Records provided
- - -
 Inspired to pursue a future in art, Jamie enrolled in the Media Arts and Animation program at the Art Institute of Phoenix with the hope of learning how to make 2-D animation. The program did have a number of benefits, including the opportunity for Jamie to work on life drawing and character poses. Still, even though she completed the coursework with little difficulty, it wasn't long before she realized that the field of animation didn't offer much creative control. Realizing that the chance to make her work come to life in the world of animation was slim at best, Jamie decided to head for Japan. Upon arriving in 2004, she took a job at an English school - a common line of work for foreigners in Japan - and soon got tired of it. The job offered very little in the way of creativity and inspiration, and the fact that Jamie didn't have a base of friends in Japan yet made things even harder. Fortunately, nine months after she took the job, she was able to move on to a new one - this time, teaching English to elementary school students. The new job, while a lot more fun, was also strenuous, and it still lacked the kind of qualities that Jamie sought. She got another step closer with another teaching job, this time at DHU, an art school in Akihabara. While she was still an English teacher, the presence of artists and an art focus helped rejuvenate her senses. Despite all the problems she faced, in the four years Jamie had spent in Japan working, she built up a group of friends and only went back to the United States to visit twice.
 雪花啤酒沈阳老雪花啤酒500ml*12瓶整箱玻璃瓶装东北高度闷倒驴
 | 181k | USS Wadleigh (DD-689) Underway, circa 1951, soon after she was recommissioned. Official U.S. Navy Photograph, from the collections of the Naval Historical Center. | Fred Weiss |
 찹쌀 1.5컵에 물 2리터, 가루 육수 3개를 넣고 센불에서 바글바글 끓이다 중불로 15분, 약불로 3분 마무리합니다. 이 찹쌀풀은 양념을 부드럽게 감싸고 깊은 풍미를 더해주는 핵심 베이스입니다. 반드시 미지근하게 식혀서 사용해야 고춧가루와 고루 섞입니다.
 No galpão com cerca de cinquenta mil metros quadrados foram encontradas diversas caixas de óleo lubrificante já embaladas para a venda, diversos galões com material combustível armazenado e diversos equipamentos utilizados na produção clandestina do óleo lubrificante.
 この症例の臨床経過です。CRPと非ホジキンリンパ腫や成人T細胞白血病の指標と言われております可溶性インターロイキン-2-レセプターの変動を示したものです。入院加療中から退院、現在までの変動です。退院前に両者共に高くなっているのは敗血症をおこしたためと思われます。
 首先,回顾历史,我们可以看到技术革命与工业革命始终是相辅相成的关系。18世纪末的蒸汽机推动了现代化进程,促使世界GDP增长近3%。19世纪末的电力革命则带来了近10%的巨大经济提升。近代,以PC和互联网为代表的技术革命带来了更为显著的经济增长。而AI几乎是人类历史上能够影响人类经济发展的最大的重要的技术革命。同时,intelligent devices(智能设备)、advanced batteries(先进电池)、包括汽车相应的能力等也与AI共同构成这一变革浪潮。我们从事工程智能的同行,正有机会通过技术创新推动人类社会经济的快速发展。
- - -
Task statement
Return, from the data above, each line in which the string "after" appears.

Response for this exercise
 Inspired to pursue a future in art, Jamie enrolled in the Media Arts and Animation program at the Art Institute of Phoenix with the hope of learning how to make 2-D animation. The program did have a number of benefits, including the opportunity for Jamie to work on life drawing and character poses. Still, even though she completed the coursework with little difficulty, it wasn't long before she realized that the field of animation didn't offer much creative control. Realizing that the chance to make her work come to life in the world of animation was slim at best, Jamie decided to head for Japan. Upon arriving in 2004, she took a job at an English school - a common line of work for foreigners in Japan - and soon got tired of it. The job offered very little in the way of creativity and inspiration, and the fact that Jamie didn't have a base of friends in Japan yet made things even harder. Fortunately, nine months after she took the job, she was able to move on to a new one - this time, teaching English to elementary school students. The new job, while a lot more fun, was also strenuous, and it still lacked the kind of qualities that Jamie sought. She got another step closer with another teaching job, this time at DHU, an art school in Akihabara. While she was still an English teacher, the presence of artists and an art focus helped rejuvenate her senses. Despite all the problems she faced, in the four years Jamie had spent in Japan working, she built up a group of friends and only went back to the United States to visit twice.
 | 181k | USS Wadleigh (DD-689) Underway, circa 1951, soon after she was recommissioned. Official U.S. Navy Photograph, from the collections of the Naval Historical Center. | Fred Weiss |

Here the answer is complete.